The best advice I can suggest to avoid-is-to-look on the top features that was selected by your model (say Top 20, 50 ). Do they make some sort of intuitive sense? If not, potentially your need to look into them further to identify if their are some information leakage occurring.
Label randomisation
A Nice method to help with the feature selection leakage are to completely randomly shuffle your training labels right at t He start of your data processing pipeline.
Once you get to cross validation, if your model says it has some sort of signal (a AUC > 0.5 for instance) and you have P Robably leaked information somewhere along the line.
Human-loop overfitting
This is a bit of a subtle one. Essentially when picking "what parameters" to "use," what features to include, it should all is done by the your program.

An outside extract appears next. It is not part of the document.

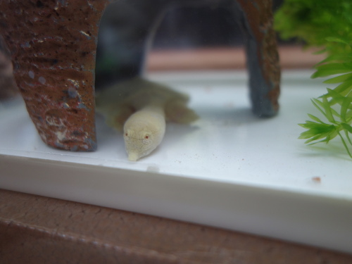 この中国産のアルビノシナスッポンは外来種なのでリリースすることはできません。リリースしたところでたぶん生きてはいけないでしょう。目が不自由なので食べ物をうまく捕獲できないのではないでしょうか。また、黄色くて目立つので外敵に襲われやすいことも理由として挙げられます。まあ、私が生きている間はずっと一緒にいます。
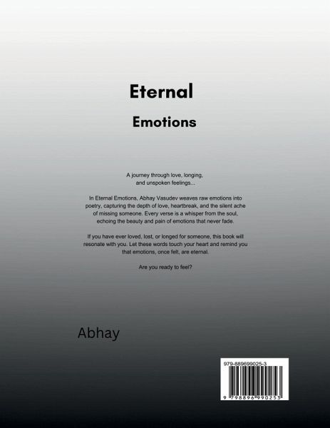 emotions that cannot be described but are trying to be expressed by emotions. Eternal Emotions is a deeply heartfelt poetry collection that captures love, longing, and loss in its rawest form. Each verse reflects intense emotions-unspoken confessions, aching nostalgia, and the bittersweet echoes of the past. Abhay weaves words that resonate with those who have loved deeply and lost profoundly, making this book a companion for lonely nights and quiet reflections. If you've ever felt the weight of unexpressed emotions or the lingering presence of someone no longer near, these poems will speak to your soul, offering solace in shared sorrow and beauty in the pain of love.

You should is able to run it end-to-end to perform all the modelling and performance estimates.
It is OK-to-be-a bit more "hands-on" initially when exploring different ideas. However your final "production" model should remove the human element as much as possible. You shouldn ' t be hard-coding parameter settings.
I have also seen this occurring when particular examples is hard-to-predict and the modeller decides to just exclude thes E. Obviously this should is done.
Non-stationary Distributions
Does your training data contain all the possible cases? Or could it be biased? Could The potential labels?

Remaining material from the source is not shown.